From the map above we see there is an extremely high rate of lung cancer per 100,000 men in one county within the state of Florida. Union County, Florida is the county with the highest rate of lung cancer in America. Further research into the county reveals that Union County is home to the only cancer treatment center for inmates in the state of Florida. From the article, “Study: Union County has nation’s highest death rate from lung cancer” by Deanna Bettineschi, we see that the researchers covering this topic believe that the rate is so high because inmates from around the state are being sent to this county’s prison for treatment and their lung cancer diagnosis is recorded here. The article admits that there is no documentation to prove the county is sending in inmates to this prison however all current knowledge and research would suggest so.
Overall we not that lung cancer rates and income levels are negatively correlated. Some reasons for this may be that those in lower income levels may tend to soke cigarettes compared to those in higher income levels. To support this we would need to look at a dataset on cigarette smokers with similar variables.
The second hypothesis that this report looks to explore is that breast cancer rates and income levels are actually postiviely correlated unlike lung cancer rates and income levels.
Again when we look at teach region separately we see that the trend is postive throughout all 9 regions.
##
## Call:
## lm_basic(formula = breast ~ 1 + asian_alone + black_alone + white_alone,
## data = continental_us)
##
## Residuals:
## Min 1Q Median 3Q Max
## -58.090 -9.824 0.266 10.296 137.611
##
## Coefficients:
## Estimate 2.5 % 97.5 %
## (Intercept) 75.4795 63.1234 87.836
## asian_alone 2.0126 1.6712 2.354
## black_alone 0.5448 0.4078 0.682
## white_alone 0.4078 0.2782 0.537
##
## Residual standard error: 16.59 on 1948 degrees of freedom
## Multiple R-squared: 0.07946, Adjusted R-squared: 0.07804
## F-statistic: 56.05 on 3 and 1948 DF, p-value: < 2.2e-16
When analyzing how demographics vary with breast cancer rates we observe that asian, blacks, and whites all are positive statistically significant when compared with the baseline of the entire dataset. We see that this varies from the same regression ran with lung cancer rates in that asians are now not statistically lower than the other two groups.

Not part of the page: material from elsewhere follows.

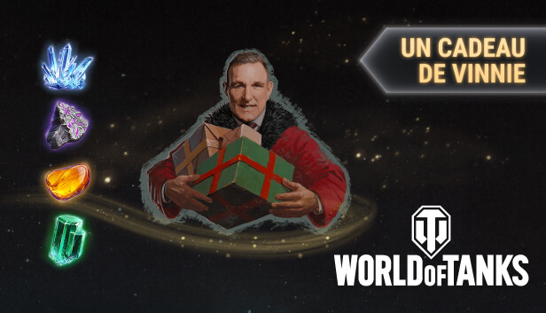 Les fêtes d'hiver sont arrivées dans World of Tanks ! Prenez ces ressources des Opés des fêtes pour améliorer votre Village festif ainsi qu'un pochoir saisissant grâce au DLC exclusif à durée limitée Un cadeau de Vinnie ! Ajoutez gratuitement ce lot à votre compte pour recevoir 50 ressources des Opés des fêtes de chaque type (Fer de météorite, Émeraude pure, Cristal de roche et Ambre chaud), ainsi que 3 pochoirs Un cadeau de Vinnie. Assurez-vous de prendre ce DLC avant le 8 janvier 2024, à 06:00 UTC !

Now we will look at breast cancer rates plotted on a U.S. continental map just like the lung cancer rates in the previous section.
In the map above we again observe the Union County anomoly. More importantly however, we see the lighter color of data points on the map suggesting higher rates of breast cancer than lung cancer on a whole if we compare this plot to the plotted map in the Lung Cancer Thesis Section.
The analysis supports that breast cancer rates and income have a positive relationship but now we can theorize why this may be the case. It may be the case that with higher levels of income those individuals may have more money and more time to spend on checkups and treatments suggesting that those in lower income levels may succumb to the disease without being diagnosised. This assumption needs to be further researched and a look into a larger dataset collected by response surveys of patients may provide answers.